In my last post I described my initial foray into testing our HBase cluster performance using the PerformanceEvaluation class.  I wasn't happy with our conclusions, which could largely be summed up as "we're not sure what's wrong, but it seems slow".  So in the grand tradition of people with itches that wouldn't go away, I kept scratching.  Everything that follows is based on testing with PerformanceEvaluation (the jar patched as in the last post) using a 300M row table built with PerformanceEvaluation sequentialWrite 300, and tested with PerformanceEvaluation scan 300.  I ran the scan test 3 times, so you should see 3 distinct bursts of activity in the charts.  And to recap our hardware setup - we have 3 regionservers and a separate master.

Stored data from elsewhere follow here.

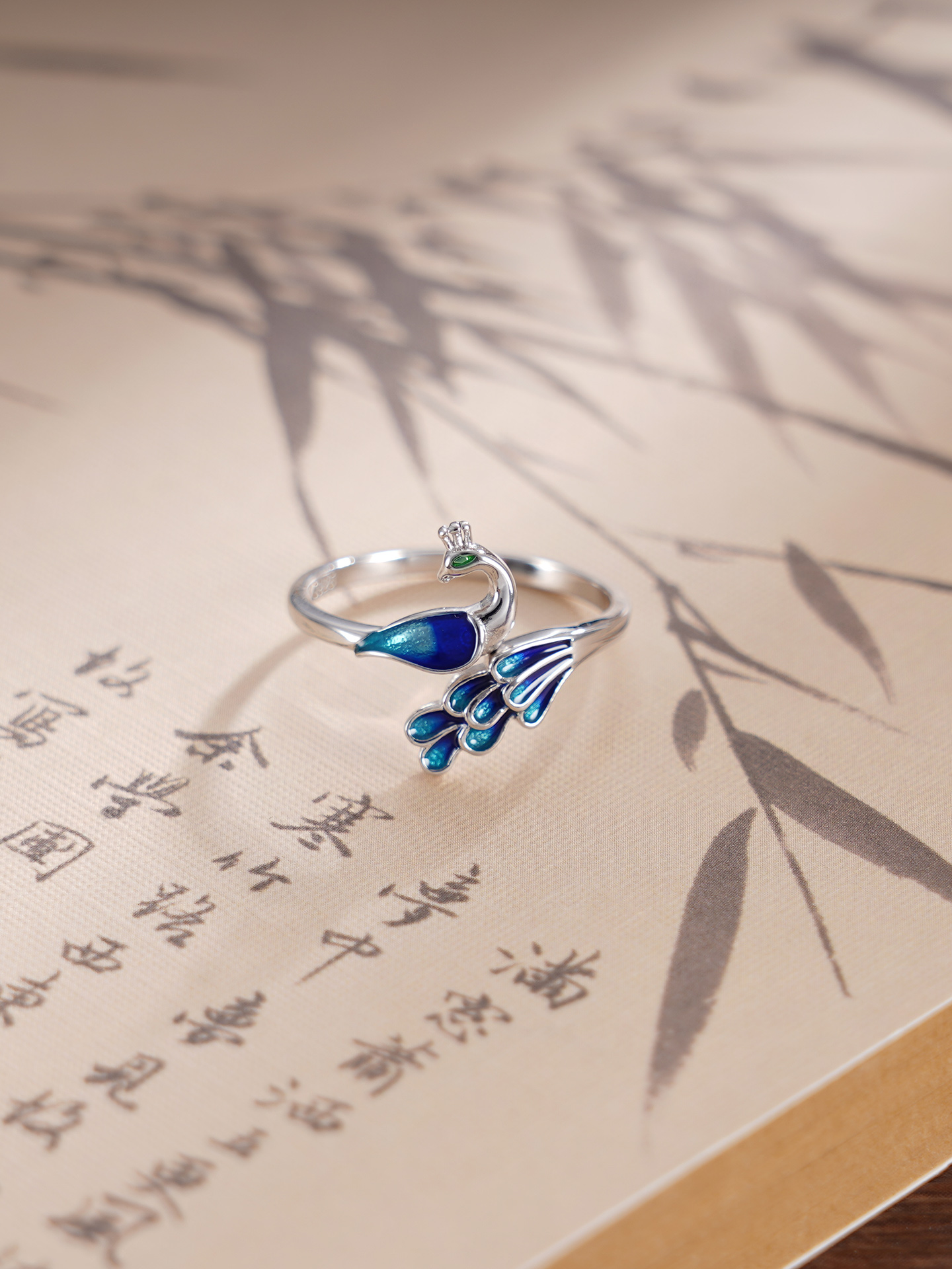 子佩集S925银【琳琅雀舞】戒指【YH08400037-3】纯银花丝珐琅彩2410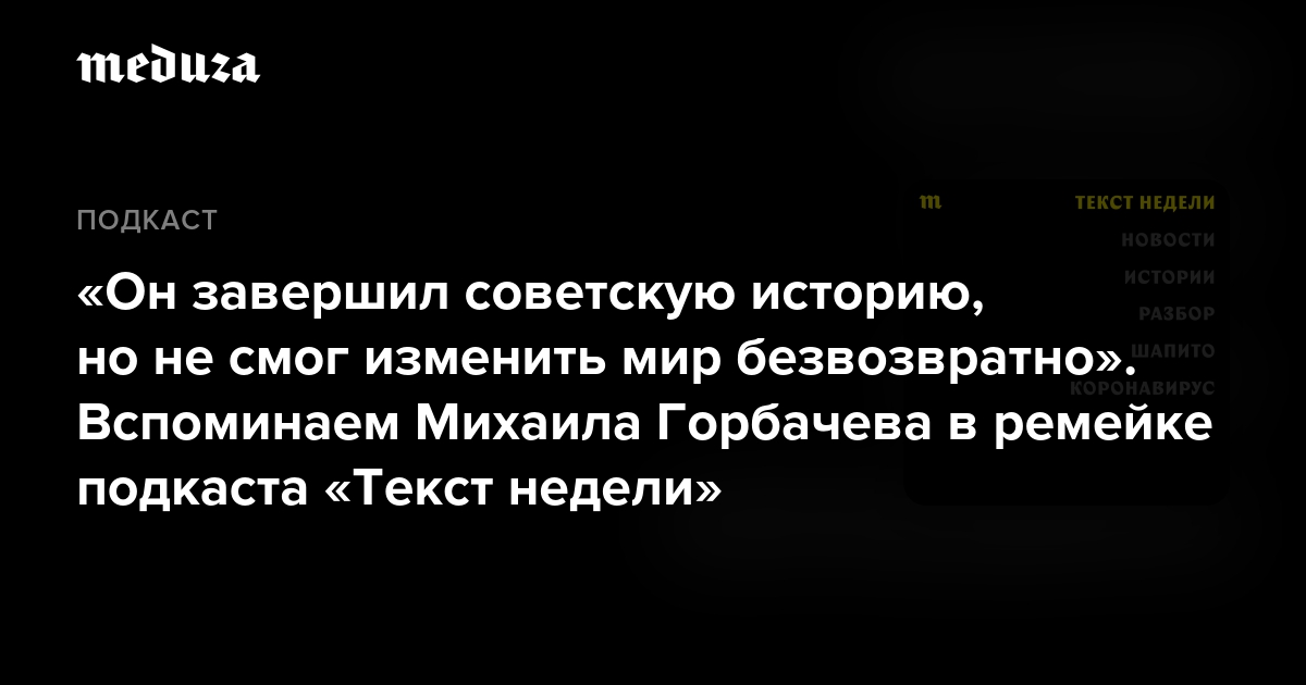 В 2018 году журналист Илья Жегулев написал для «Медузы» большой материал о Горбачеве и взял у него интервью. Тогда же выходил выпуск «Текста недели», посвященный этим статьям.
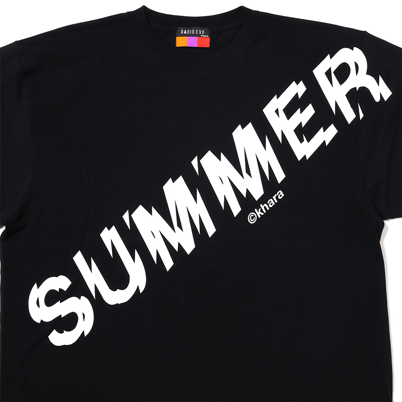 躍動感を感じさせる振動が走ったようなSUMMERのロゴ。左肩にかけて大きくプリントすることで、シンプルながらも力強い仕上がりとなっています。

The first unsettling ganglia metric that kept me digging was of ethernet bytes_in and bytes_out.  I'll recreate those here:
Figure 1 - bytes_in (MB/s) with single gigabit ethernet
Figure 2 - bytes_out (MB/s) with single gigabit ethernet
This is a single gigabit ethernet link, and that is borne out by the Max values, which are near the theoretical max of 120 megabytes per second (MB/s), and as you can see they certainly aren't sitting at 120 constantly in the way one would expect if ethernet was our bottleneck. But that bytes_in graph sure looks like it's hitting some kind of limit - steep ramp up, relatively constant transfer rate, then steep ramp down.  So I decided to try channel bonding to effectively use 2 gigabit links on each server "bonded" together.  It turns out that's not quite as trivial as it may seem, but in the end I got it working following the Dell/Cloudera configuration suggestion of mode 6 / balance-alb, which is described more in the Linux kernel bonding documentation. The results are shown in the following graphs:

Figure 3 - bytes_in (MB/s) with dual (bonded) gigabit ethernet
Figure 4 - bytes_out (MB/s) with dual (bonded) gigabit ethernet
Unfortunately the scale has changed (ganglia ain't perfect) but you can see we're now hovering a bit higher than the single ethernet case, and at some points swinging significantly above the single ethernet limit (a few gusts up to 150).  So it would seem that even though the single gigabit graphs didn't look like they were hitting theoretical maximum, they were definitely limited.  Not by much though - maybe 10-15%?  As they say, the proof is in the pudding, so what was the final throughput for the two tests?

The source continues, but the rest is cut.